§ DATA TO USE
================

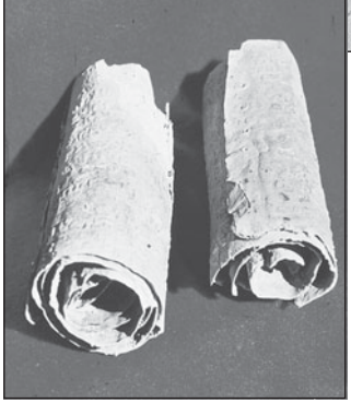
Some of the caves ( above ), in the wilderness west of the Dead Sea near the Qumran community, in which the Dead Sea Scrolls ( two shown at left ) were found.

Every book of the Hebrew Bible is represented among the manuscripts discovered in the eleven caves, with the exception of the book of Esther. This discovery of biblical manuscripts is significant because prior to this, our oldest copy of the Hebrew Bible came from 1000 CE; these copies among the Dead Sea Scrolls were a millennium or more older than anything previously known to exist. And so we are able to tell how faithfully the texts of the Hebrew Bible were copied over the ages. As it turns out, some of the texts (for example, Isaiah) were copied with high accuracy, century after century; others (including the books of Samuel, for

================

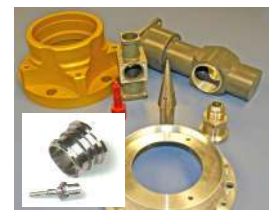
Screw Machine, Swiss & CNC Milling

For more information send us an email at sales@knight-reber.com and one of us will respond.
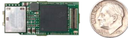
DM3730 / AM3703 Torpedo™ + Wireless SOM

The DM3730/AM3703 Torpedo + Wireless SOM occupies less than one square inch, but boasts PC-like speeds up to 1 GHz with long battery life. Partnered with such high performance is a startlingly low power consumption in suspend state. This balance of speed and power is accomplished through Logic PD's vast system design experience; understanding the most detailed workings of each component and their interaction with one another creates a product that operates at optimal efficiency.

================

§ EXERCISE BRIEF
Could you repeat exactly the lines above from the line with "Some of the caves" up to and including the line with "Every book of", and only those?

§ TASK SOLUTION
Some of the caves ( above ), in the wilderness west of the Dead Sea near the Qumran community, in which the Dead Sea Scrolls ( two shown at left ) were found.

Every book of the Hebrew Bible is represented among the manuscripts discovered in the eleven caves, with the exception of the book of Esther. This discovery of biblical manuscripts is significant because prior to this, our oldest copy of the Hebrew Bible came from 1000 CE; these copies among the Dead Sea Scrolls were a millennium or more older than anything previously known to exist. And so we are able to tell how faithfully the texts of the Hebrew Bible were copied over the ages. As it turns out, some of the texts (for example, Isaiah) were copied with high accuracy, century after century; others (including the books of Samuel, for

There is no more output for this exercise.